The International Criminal Court in the Hague, the Netherlands. Keystone / Ed Oudenaarden

Parliament has approved a proposal to set up a legal basis for systematic Swiss cooperation with international criminal and rights tribunals.

This content was published on December 3, 2020 - 12:57
Keystone-SDA/dos

On Thursday, the Senate unanimously accepted the government’s plan to legally anchor international assistance to trials concerning violations like genocide, war crimes, or crimes against humanity.

Currently, Swiss law only covers requests for legal assistance from other nation-states. Exceptions to this – the Rwandan and Yugoslav tribunals, as well as the International Criminal Court (ICC) in the Hague – were covered by two specific laws in 1995 and 2001.
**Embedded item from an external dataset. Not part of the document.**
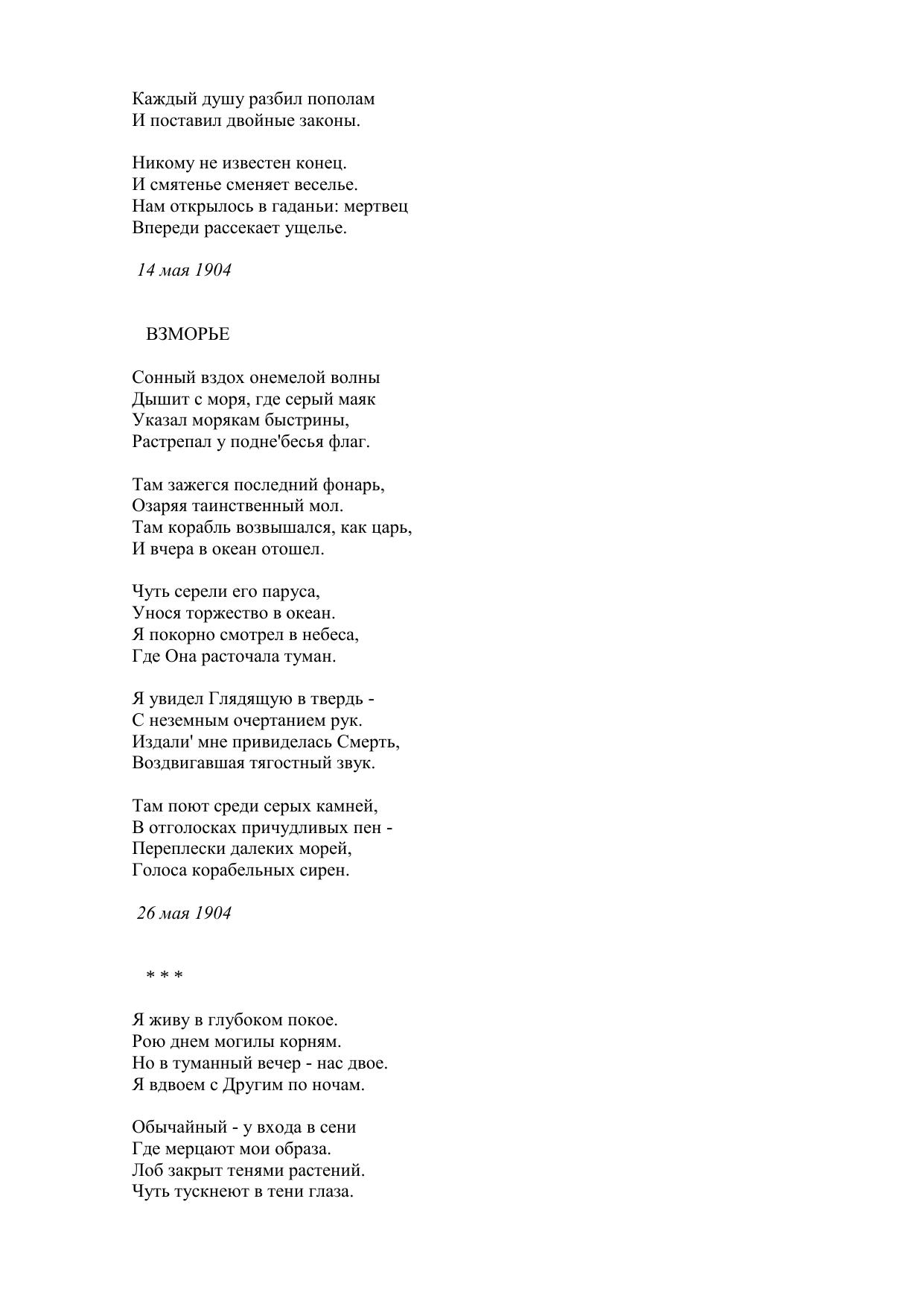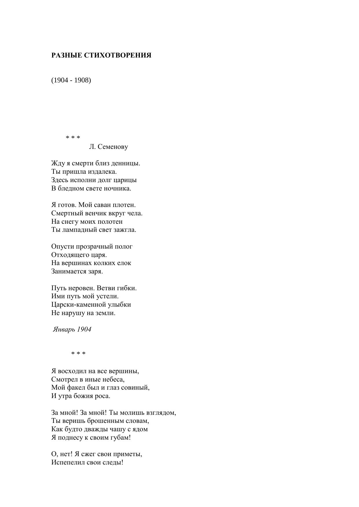 Разные стихотворения (1904-1908)

Some criminal tribunals however have been spurned by Bern due to a lack of legal basis for providing assistance. This was notably the case in 2016 and the international investigation into the assassination of former Lebanese prime minister Rafik Hariri.

According to a parliamentary committee, the same legal gaps could also potentially block cooperation with the Geneva-based “MechanismExternal link” looking into breaches of international law in Syria.

Cooperation with international investigations into non-human rights violations, such as murder, will also be possible if they are based on United Nations resolutions which Switzerland supports, the law foresees.

As for how it operates in practice, it will not be hugely different from the legal assistance offered to other states, and it will not involve any obligation on the part of Switzerland.

The text has already been accepted by the House of Representatives.